Keluhan ini disampaikan langsung kepada Wakil Ketua DPRD Sumbar, Evi Yandri Rajo Budiman, saat reses di Huntara mandiri Kepalo Koto, Pauh, Jumat (6/2). Lebih dari 200 warga hadir menyampaikan aspirasi.

Evi Yandri berjanji mengupayakan pembangunan jembatan darurat secepatnya. “Setidaknya bisa dilalui jalan kaki atau motor,” ujarnya.

Selain akses pendidikan, warga juga mengeluhkan kerusakan infrastruktur lain seperti irigasi, jalan, sawah, dan ladang. Mereka juga menanyakan kejelasan bantuan hunian tetap (huntap).

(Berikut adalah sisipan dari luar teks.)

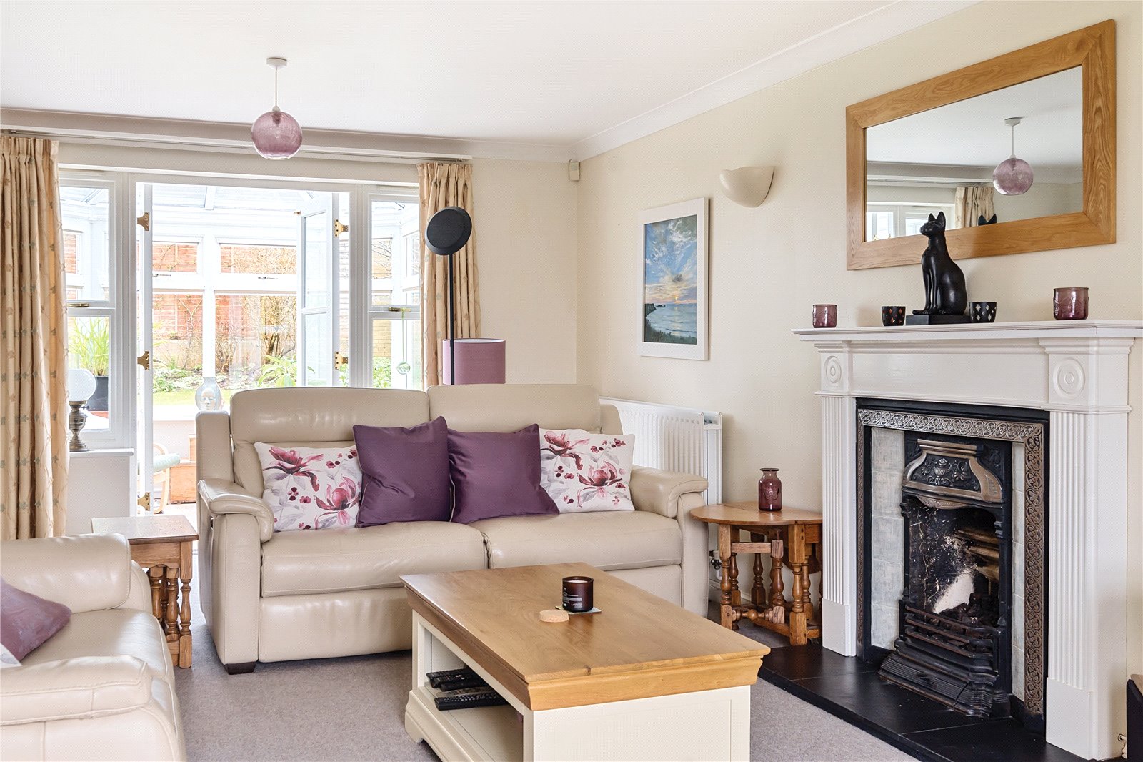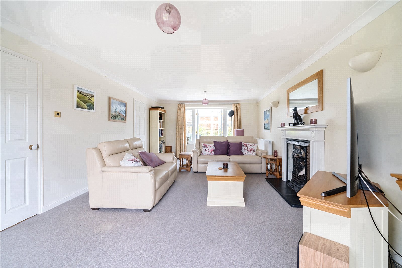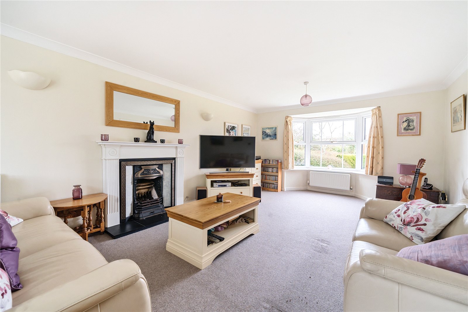 Sitting Room : Large dual aspect formal reception room featuring a large bay at the front with some glimpse views through to fields beyond. Coal effect gas fire with surround, 2 radiators , 2 light points, television and telephone points. Double doors to Conservatory.
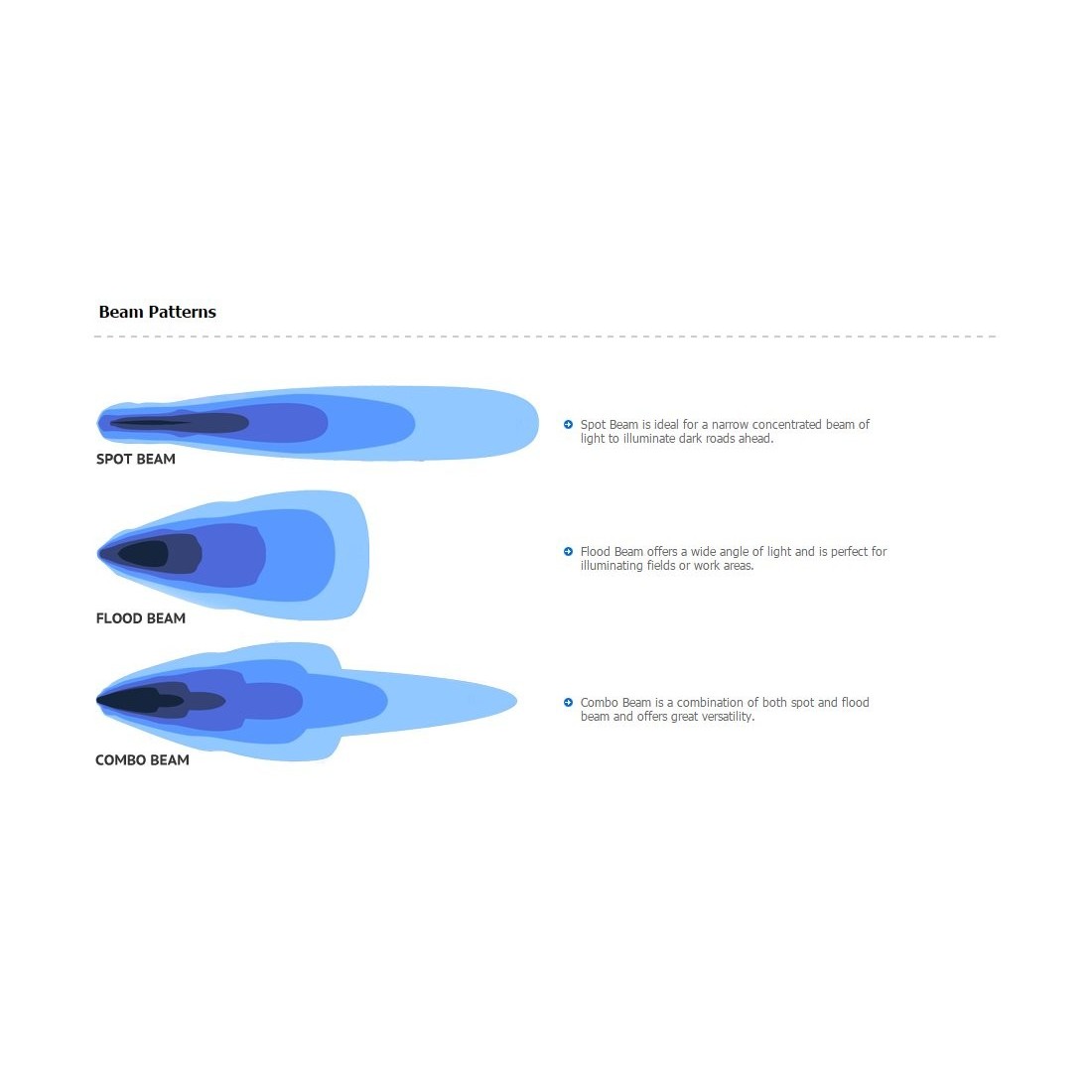 * Diferente patrón de luz de haz de inundación y luz puntual.
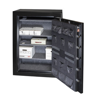 The Gardall BGF-6040 will hold up to 39 rifles without scopes. It also features a NEW Premium Quality Door Organizer on the door as a standard feature. This redesigned full-length door organizer offers extra capacity for ammo and pistols. There is a 5 spoke handle to open the door available in gold or silver trim package. Other security features include 9 active 1-1/2" bolts to prevent pry attacks as well as 3 - 1-1/2" deadbolts on the hinge side. There are 4 anchor holes on the bottom to bolt to a sold surface (highly recommended). The outside of the BGF-6040 is painted with a heavy-duty black powder-coated (matte paint).
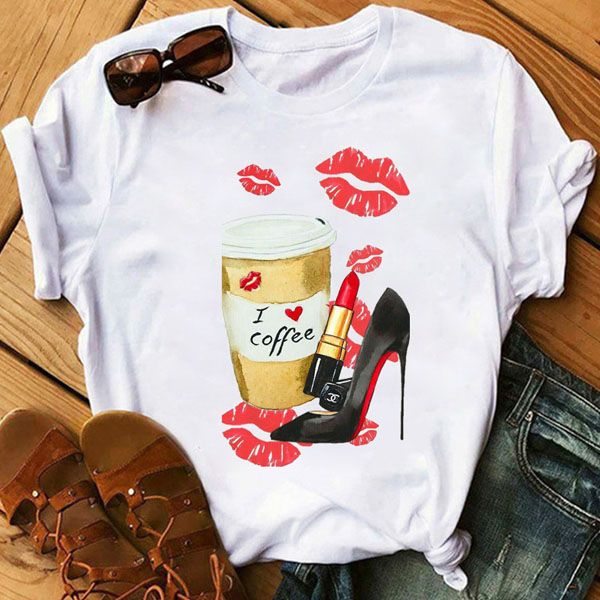 For every girl,a cozy,simple yet stylish t-shirt is a wardrobe essential. So how about this piece? The heels pattern design will make this piece full of charm. Crafted from soft and breathable fabric,with short sleeve and round neck design,this piece also can be matched with different bottoms. So why not buy one?
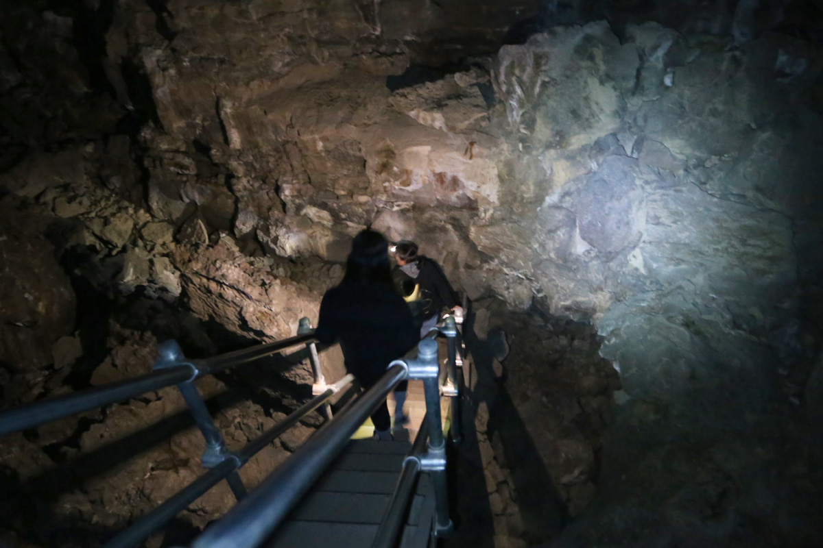 아까 난간이 만들어져 있던 아래층의 라바튜브로 내려가는 마지막 계단이었던 것 같다. "맨 뒤에 걸어가니까, 무서워~"
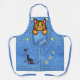 This fun novelty apron includes a faux (printed) denim / blue jean look and includes a cartoon orange kitty cat that appears as if it's sitting inside a pocket! The design also includes "patches" (printed) that resemble the silhouettes of a cat chasing a bird and three paw prints. Use the easy template to add your name or your cat's name to the design (or simply delete the sample name "Tabitha" to order without a name). These cute aprons make the perfect gift for any cat owner! They would also be fun for an animal groomer or vet.
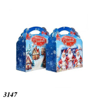 Подарочная коробка «Три Санты» объёмом 1100 г — волшебное решение для упаковки сладостей, небольших сувениров или тематических наборов к Новому году. Дизайн украшен тремя весёлыми Санта-Клаусами в красных шубах, создавая атмосферу радости и праздничного уюта.
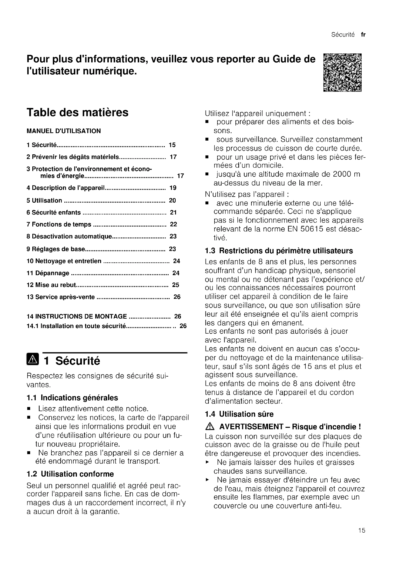 1 Sécurité Respectez les consignes de sécurité sui- vantes. 1.1 Indications générales ¡ Lisez attentivement cette notice. ¡ Conservez les notices, la carte de l'appareil ainsi que les informations produit en vue d’une réutilisation ultérieure ou pour un fu- tur nouveau propriétaire. ¡ Ne branchez pas l’appareil si ce dernier a été endommagé durant le transport. 1.2 Utilisation conforme Seul un personnel qualifié et agréé peut rac- corder l'appareil sans fiche. En cas de dom- mages dus à un raccordement incorrect, il n'y a aucun droit à la garantie. Utilisez l‘appareil uniquement: ¡ pour préparer des aliments et des bois- sons. ¡ sous surveillance. Surveillez constamment les processus de cuisson de courte durée. ¡ pour un usage privé et dans les pièces fer- mées d’un domicile. ¡ jusqu'à une altitude maximale de 2000m au-dessus du niveau de la mer. N’utilisez pas l’appareil: ¡ avec une minuterie externe ou une télé- commande séparée. Ceci ne s'applique pas si le fonctionnement avec les appareils relevant de la norme EN 50615 est désac- tivé. 1.3 Restrictions du périmètre utilisateurs Les enfants de 8 ans et plus, les personnes souffrant d’un handicap physique, sensoriel ou mental ou ne détenant pas l’expérience et/ ou les connaissances nécessaires pourront utiliser cet appareil à condition de le faire sous surveillance, ou que son utilisation sûre leur ait été enseignée et qu’ils aient compris les dangers qui en émanent. Les enfants ne sont pas autorisés à jouer avec l'appareil. Les enfants ne doivent en aucun cas s’occu- per du nettoyage et de la maintenance utilisa- teur, sauf s’ils sont âgés de 15ans et plus et agissent sous surveillance. Les enfants de moins de 8ans doivent être tenus à distance de l’appareil et du cordon d’alimentation secteur. 1.4 Utilisation sûre AVERTISSEMENT‒Risque d'incendie! La cuisson non surveillée sur des plaques de cuisson avec de la graisse ou de l'huile peut être dangereuse et provoquer des incendies. ▶ Ne jamais laisser des huiles et graisses chaudes sans surveillance. ▶ Ne jamais essayer d'éteindre un feu avec de l'eau, mais éteignez l'appareil et couvrez ensuite les flammes, par exemple avec un couvercle ou une couverture anti-feu.fr Sécurité
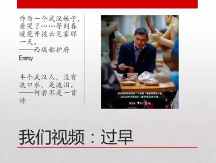 然后,通过分享视频——《过早》,让我们看到武汉复苏的一个记录,这也是全国从新型冠状病毒肺炎慢慢复苏的缩影,在国家强大力量的支撑中,在众多人的努力中,我们挺过了最艰难的时候,疫情的阴影逐渐散去。

Dinas Pertanian memastikan data sawah terdampak di Pauh sudah masuk verifikasi bantuan. Bantuan akan diberikan sesuai kategori kerusakan: ringan, sedang, berat, dan hilang.

Terkait huntap, Evi Yandri meminta RT/RW dan lurah mendata dan memverifikasi dengan cermat. Ia tak ingin masalah pendataan huntap di Pasaman terulang di Padang.

“Pendataan ini sangat penting. Jika tidak, dana yang sudah ada tidak bisa dipakai karena data bermasalah,” tegasnya.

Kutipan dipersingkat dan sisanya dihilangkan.